Quote the lines of the data below verbatim, beginning at the line that contains "2017-2020年緬甸新車銷售情況" and ending at the last line, both included, and excluding pictures.

## [Records for the task]
╭──

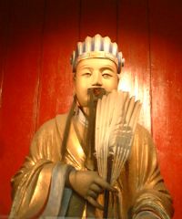 この史跡は、最初は「劉備のお墓に付随した"昭烈祠"」だったのが、いつの間にか「孔明を祀る"武侯祠"」になってしまった、と言われています。その人気が主君を上回ってしまい、お堂の中の孔明さんはハラハラしているかもしれませんね。 |  名宰相"諸葛孔明"のお堂は主君劉備に遠慮して、 "昭烈祠"の背後、一段低い所に建てられています
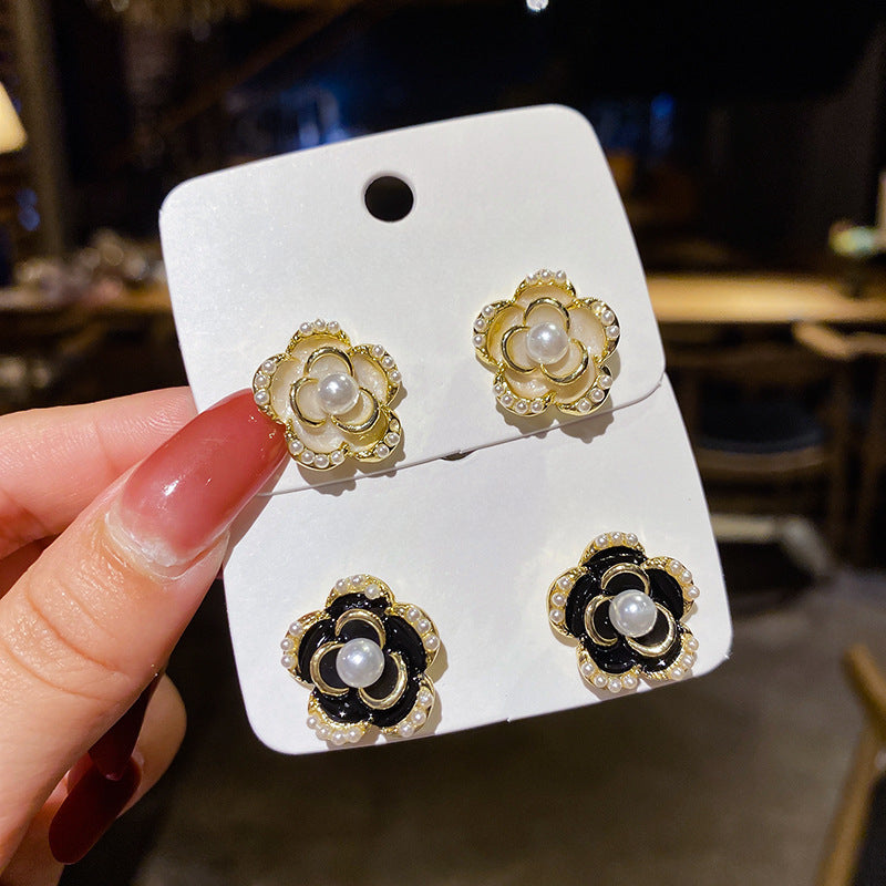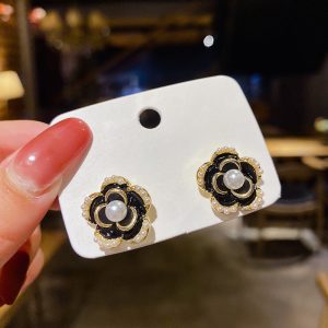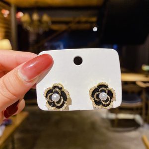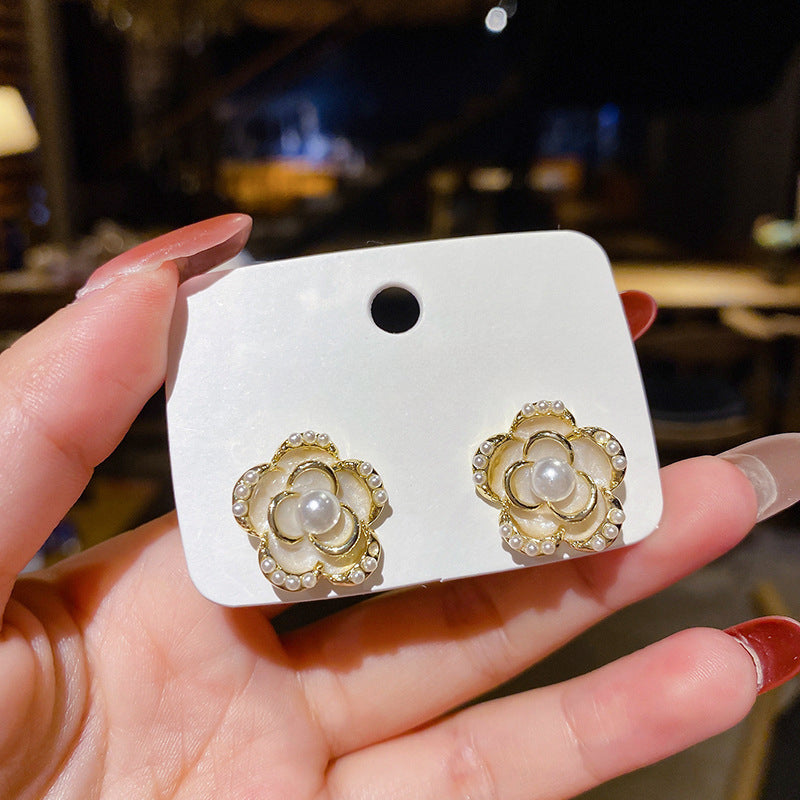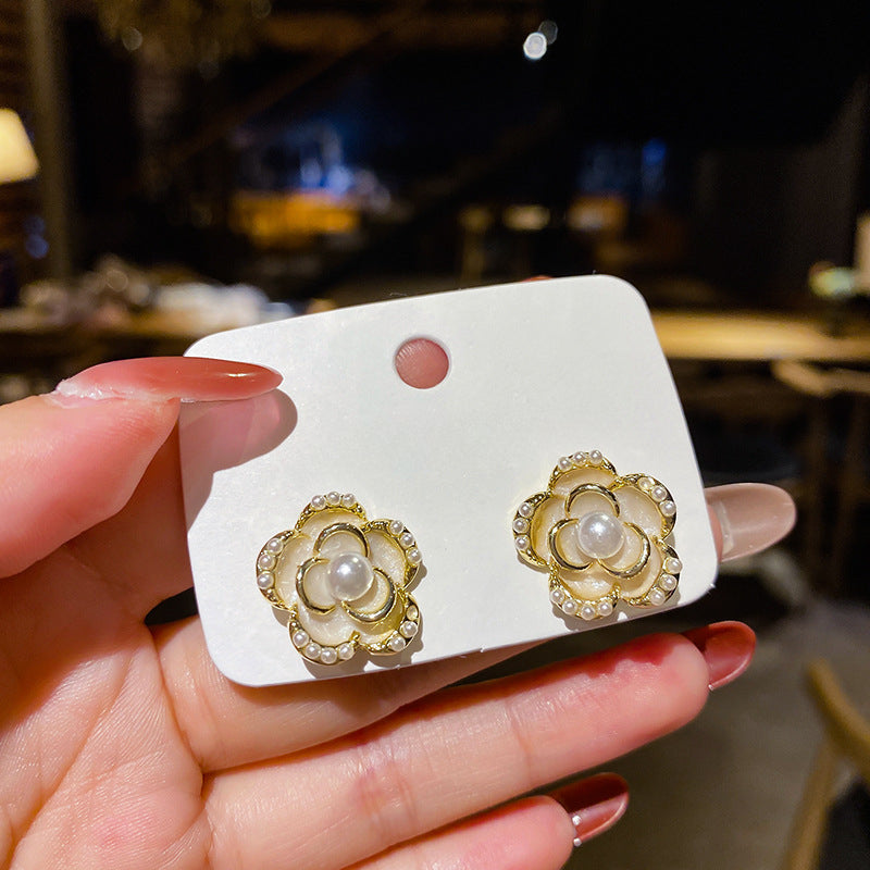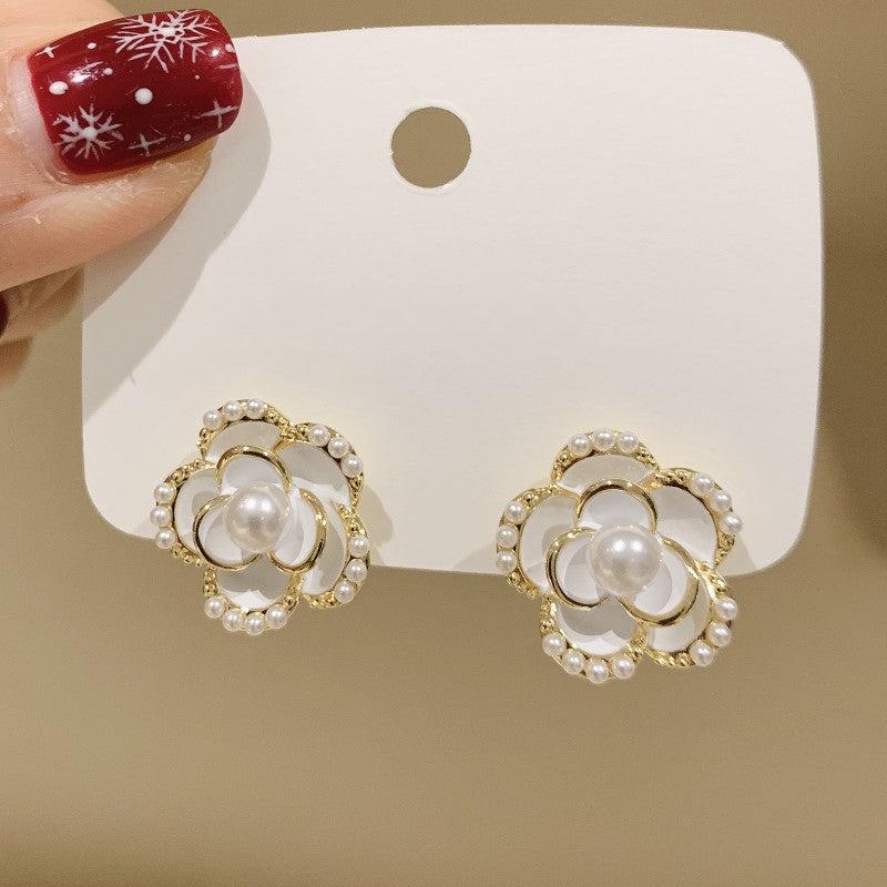 S925 Silver Needle French Camellia Flower Earrings Vintage Earrings
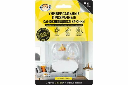 Крючок универсальный самоклеящийся малый, 2шт/уп., AVIORA 302-206 доставка
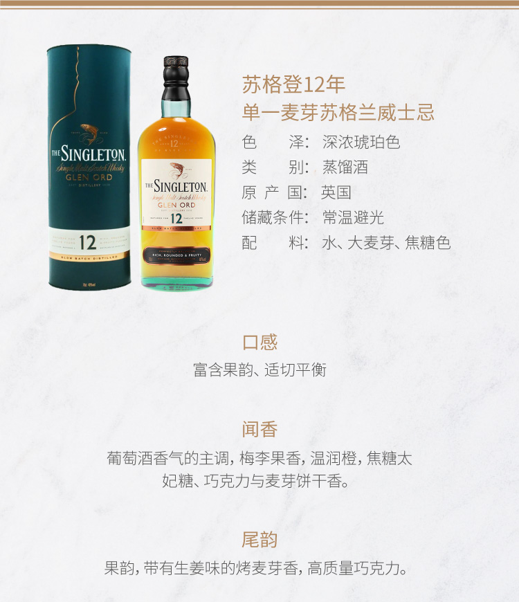 苏格登单一麦芽苏格兰威士忌12年 700ml 英国 成熟果香 果香丰富 口感饱满 012614
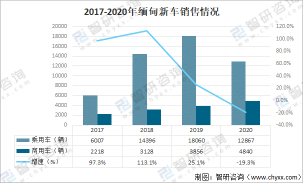 2017-2020年緬甸新車銷售情況
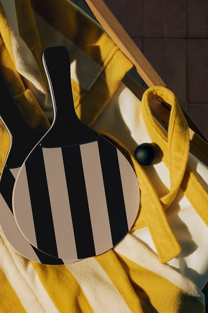 Elegant beach tennis set including two wooden rackets with a classic, striped pattern, two rubber balls, and a matching drawstring bag in cotton canvas for easy storage. Racket dimensions: Length 13 3/4 in. Width 8 3/4 in.
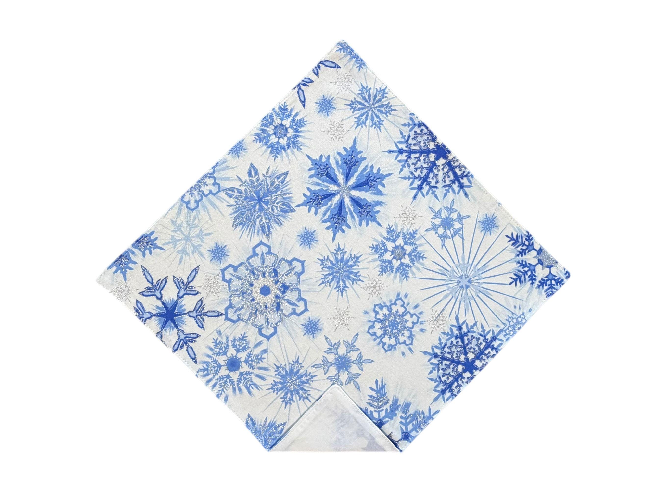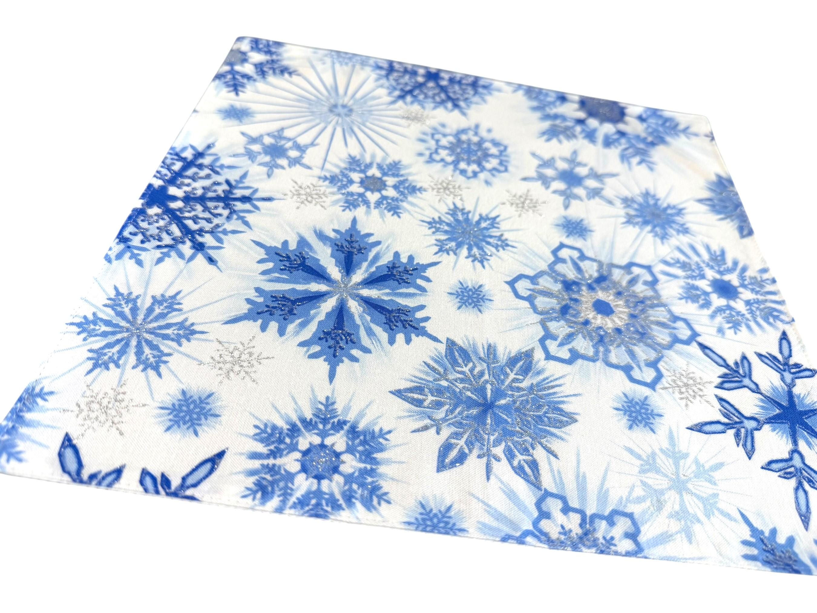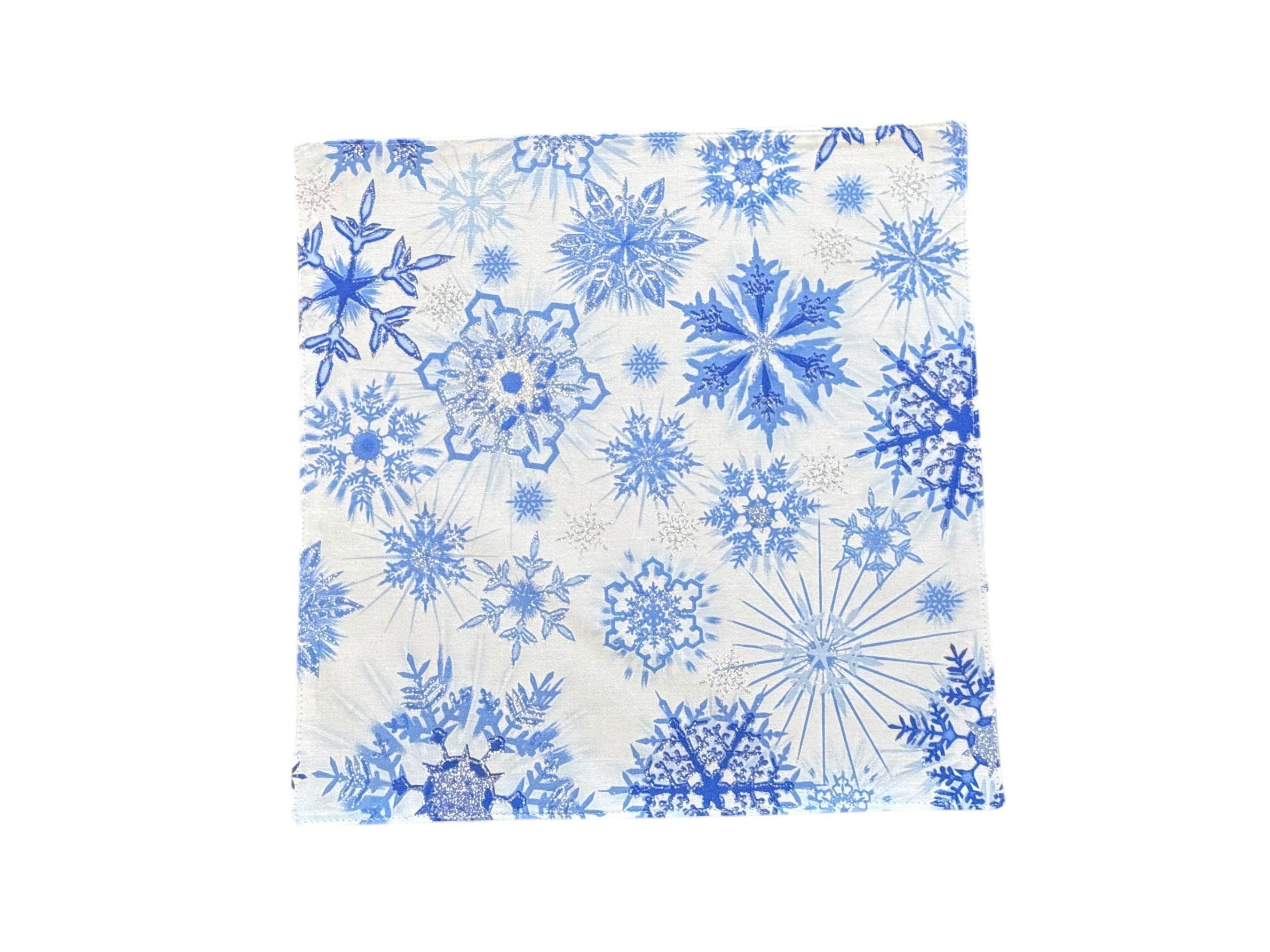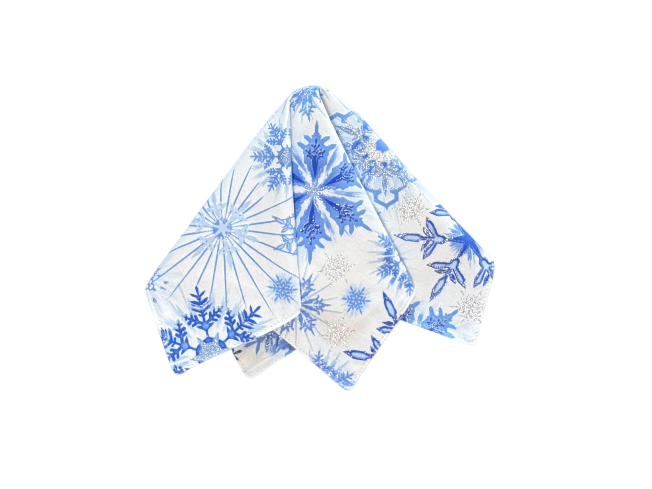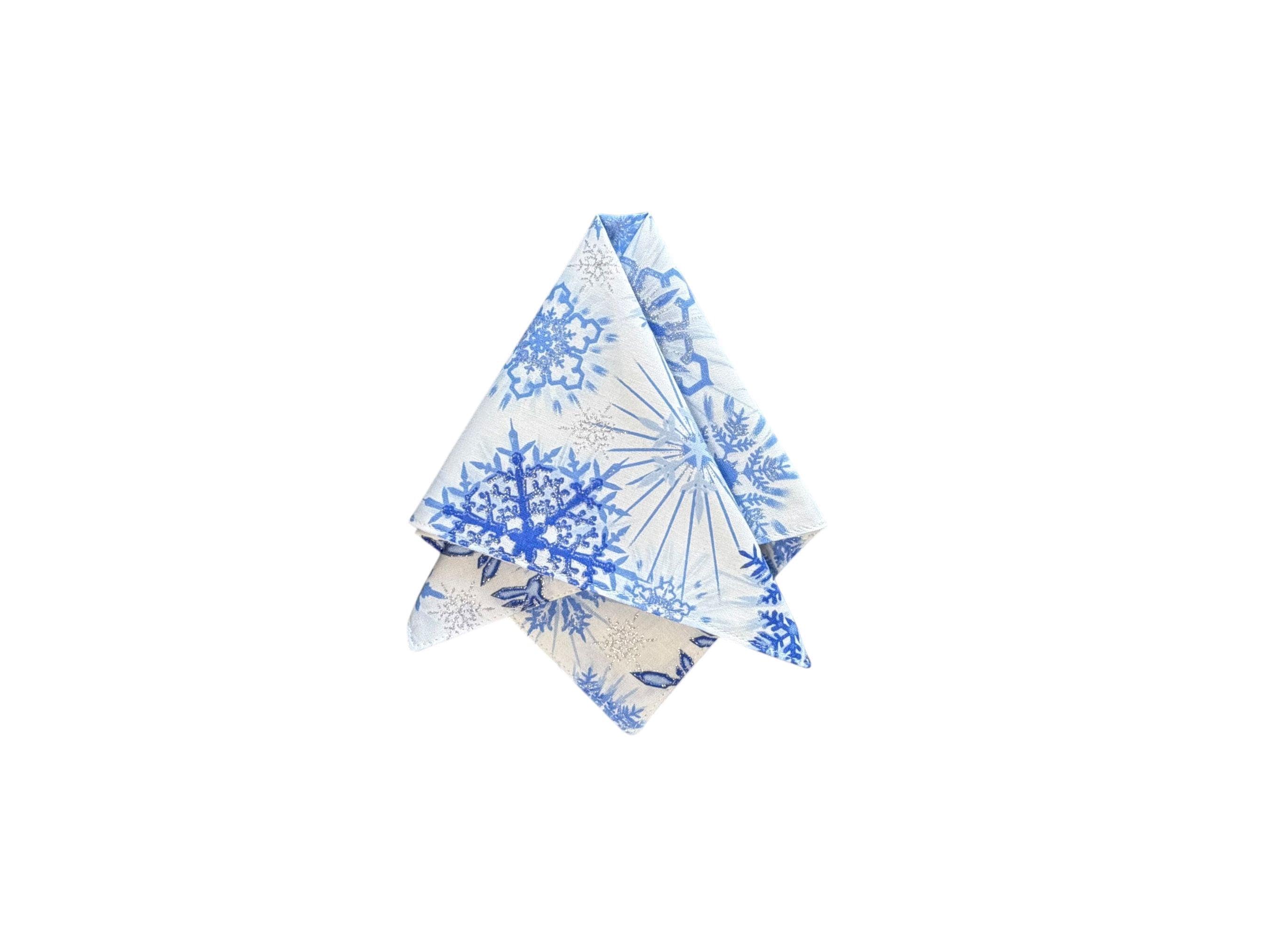 Holiday Pocket Square - White with Blue Snowflakes Design Accented with Silver Metallic - Cotton Handkerchief - Adult Men's Sizing - Handcrafted in the USA by Holiday Bow Ties, LLC - The "Aspen"

╰──

## [Expected answer]
 2017-2020年緬甸新車銷售情況
 Elegant beach tennis set including two wooden rackets with a classic, striped pattern, two rubber balls, and a matching drawstring bag in cotton canvas for easy storage. Racket dimensions: Length 13 3/4 in. Width 8 3/4 in.
 Holiday Pocket Square - White with Blue Snowflakes Design Accented with Silver Metallic - Cotton Handkerchief - Adult Men's Sizing - Handcrafted in the USA by Holiday Bow Ties, LLC - The "Aspen"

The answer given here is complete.